There are plenty of perfectly good terms out there that can be used to describe excellence, but the general trend is to apply it to those things which are more and more mundane. As language evolves there’s a strong trend towards using more and stronger superlatives, which of course renders them less potent. Like addicts, we develop a tolerance; just think of how you felt when you first heard a parent say “Fuck”… and how you feel now that you say it yourself ten times a day without a thought. So a younger generation ends up having to generate new superlatives to catch the same high, which is problematic because if we’re not all familiar with the new ones we won’t all understand each other. An inability to accurately describe the excellence of something will inevitably lead to people being disappointed in things, or worse, in each other.

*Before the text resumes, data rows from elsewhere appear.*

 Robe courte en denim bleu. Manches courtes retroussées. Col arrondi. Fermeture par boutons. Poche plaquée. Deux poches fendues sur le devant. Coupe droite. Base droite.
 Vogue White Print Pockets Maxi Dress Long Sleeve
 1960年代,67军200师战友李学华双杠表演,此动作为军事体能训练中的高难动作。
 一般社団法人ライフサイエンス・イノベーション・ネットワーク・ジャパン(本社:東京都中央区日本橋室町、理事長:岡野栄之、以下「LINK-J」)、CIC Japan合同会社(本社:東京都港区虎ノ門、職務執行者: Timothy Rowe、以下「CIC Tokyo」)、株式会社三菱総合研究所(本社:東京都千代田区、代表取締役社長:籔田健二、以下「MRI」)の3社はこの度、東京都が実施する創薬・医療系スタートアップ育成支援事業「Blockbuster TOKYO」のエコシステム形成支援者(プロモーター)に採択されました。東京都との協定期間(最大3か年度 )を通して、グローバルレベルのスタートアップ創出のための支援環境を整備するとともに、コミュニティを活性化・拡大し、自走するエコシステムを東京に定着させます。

And of course corporate and business interests will enthusiastically bend the meaning of words to suit their purpose, which is almost always simply to sell you more of whatever they have. Words are cheap, and quality is expensive. If your existence is predicated on your success at buying low and selling high, then conserving meaning for the greater good of society is not going to be a priority.
As an artisan, I follow a different credo. Part of the appeal of my personal production output is that I say what I mean, people trust what I say, and I try very hard not to disappoint them. If I did, I’d go out of business. A bigger company making bajillions of guitars can certainly afford to disappoint; in fact they’re probably already got an algorithm to determine the exact amount of disappointment that provides the optimum profit margin for their particular product (ever been been booted from a flight because it was overbooked? That algorithm). What’s more, that big company (and their competitors) can flood the market with enough mediocre product that no-one knows what actual quality looks like anymore, or what the word even means, again working against those who would continue trying to sell an excellent product.

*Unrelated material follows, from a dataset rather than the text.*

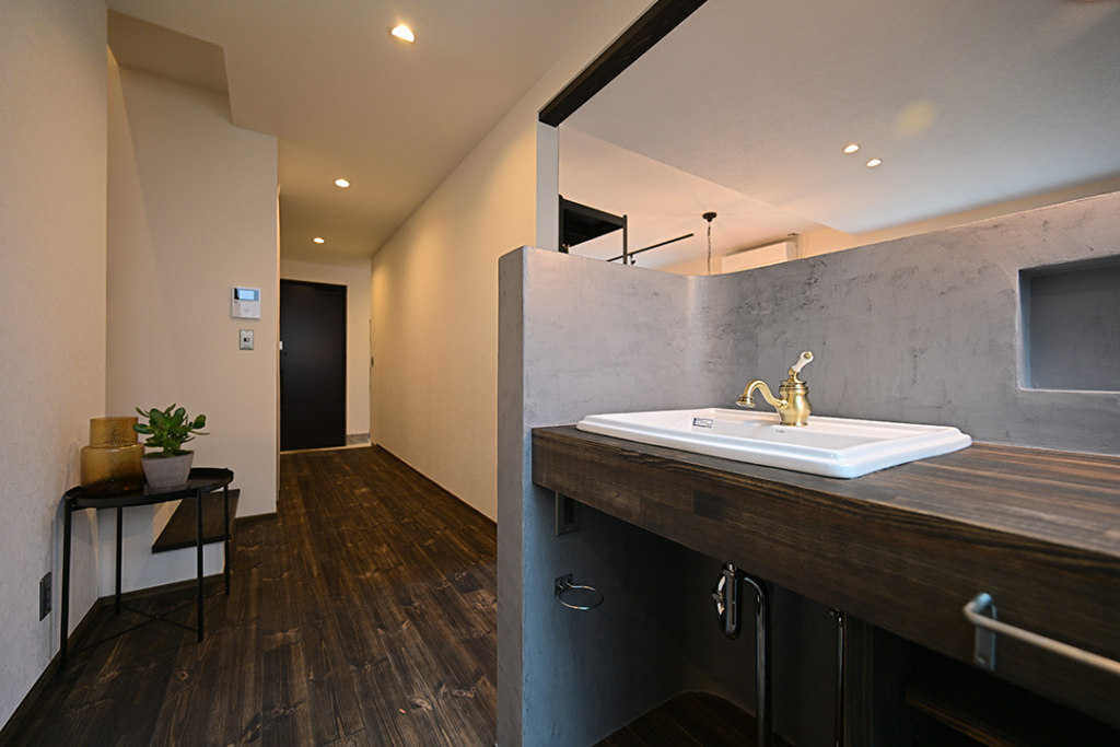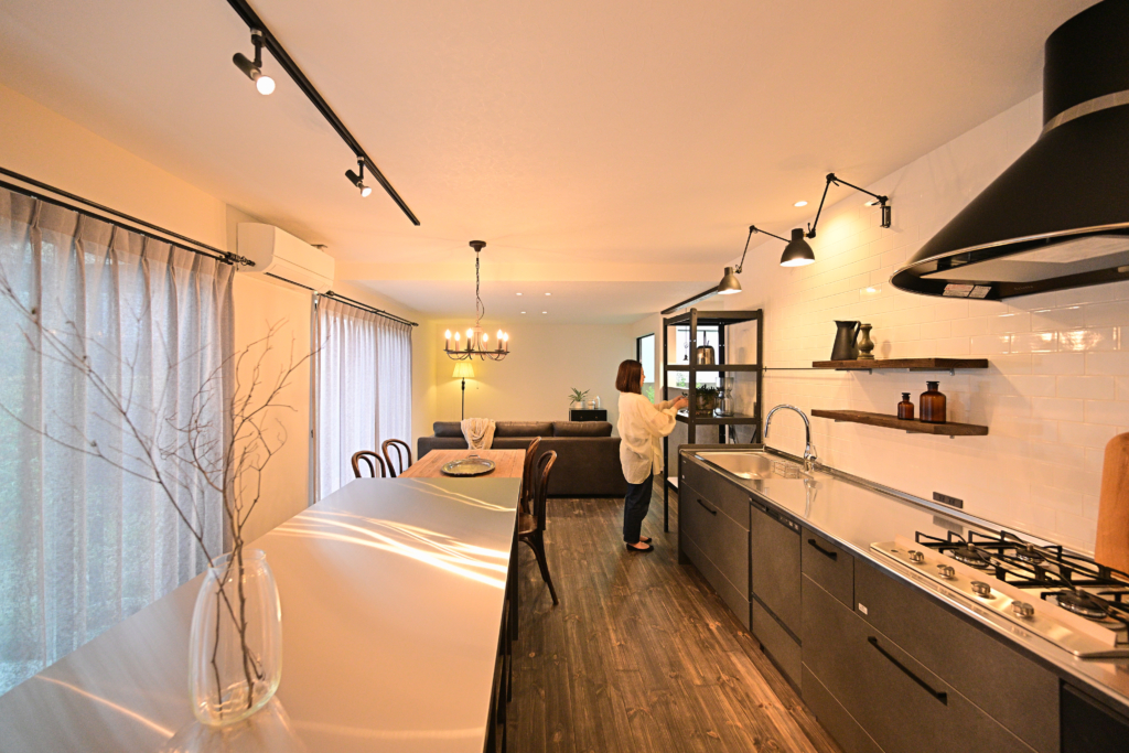 モノクロの清潔感と古材を使用したテーブルを対比的にして木の優しい雰囲気にしました。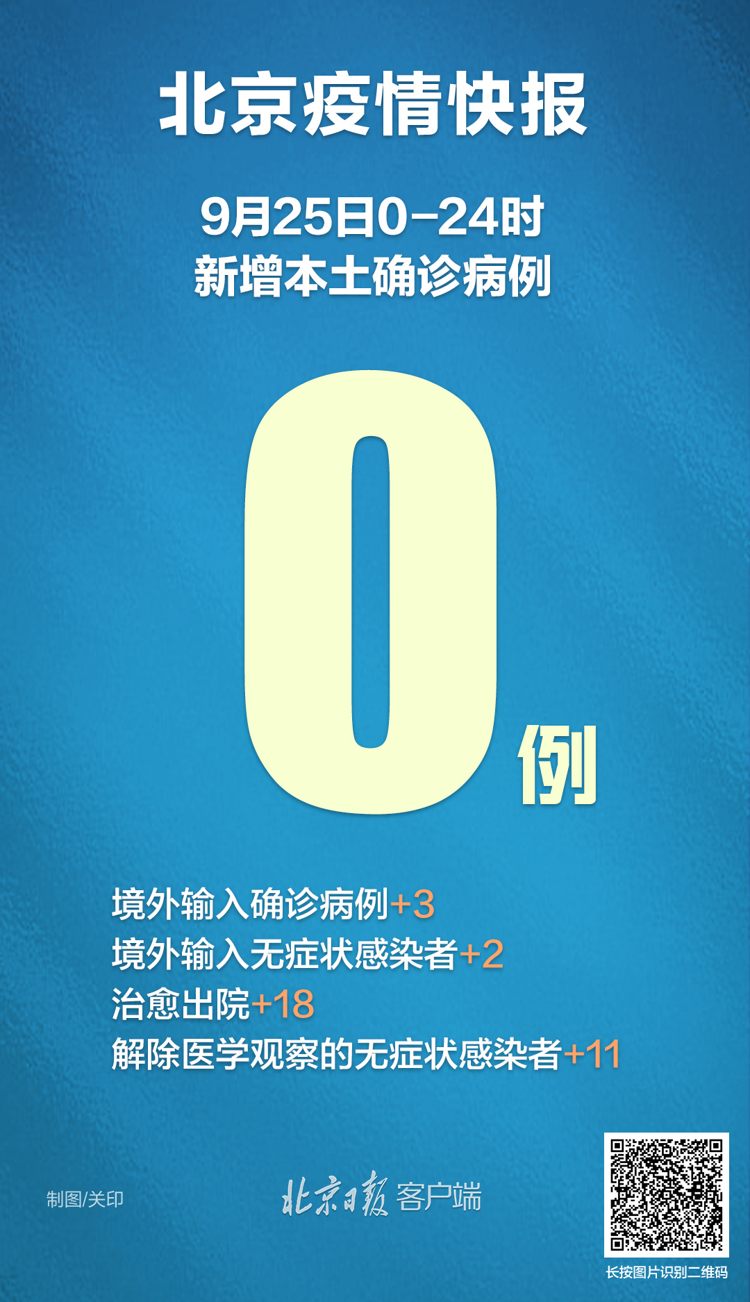 9月25日0時(shí)至24時(shí),北京無新增本土確診病例、疑似病例和無癥狀感染者;新增3例境外輸入確診病例和2例無癥狀感染者,無新增疑似病例。治愈出院18例,解除醫(yī)學(xué)觀察的無癥狀感染者11例。

So even though it must make me seem fuddy-duddy to champion old words in our Brave New World, I feel the need to try. This is my attempt to define some words I commonly encounter, in relatively immutable terms so that they may be less prone to devaluation. You might take issue with some of it, but that’s the point. Language evolves, after all, through use- so I look forward to engaging with dissenting opinions, in writing (even if they’re wrong).
Quality: I know, I was just ranting about trying to establish definitions that are absolute, but quality is always relative. For any given object there exist a continuum between the highest quality, meaning the best that exists in reality, and the lowest quality, meaning it probably represents the object in name only. But I feel that we should only measure the quality of something by referring to aspects of it which are universal and/or quantifiable, and not those that are subjective. For an acoustic guitar, this would mean that it is loud and full-sounding, that it is easy to play, and that it is sturdy enough to evoke a feeling of confidence in the player. I would argue though that comparing it to existing instruments to determine “quality” is not useful. A guitar that’s great for bluegrass probably won’t be good for flamenco, but that doesn’t suggest any change in quality, just suitability.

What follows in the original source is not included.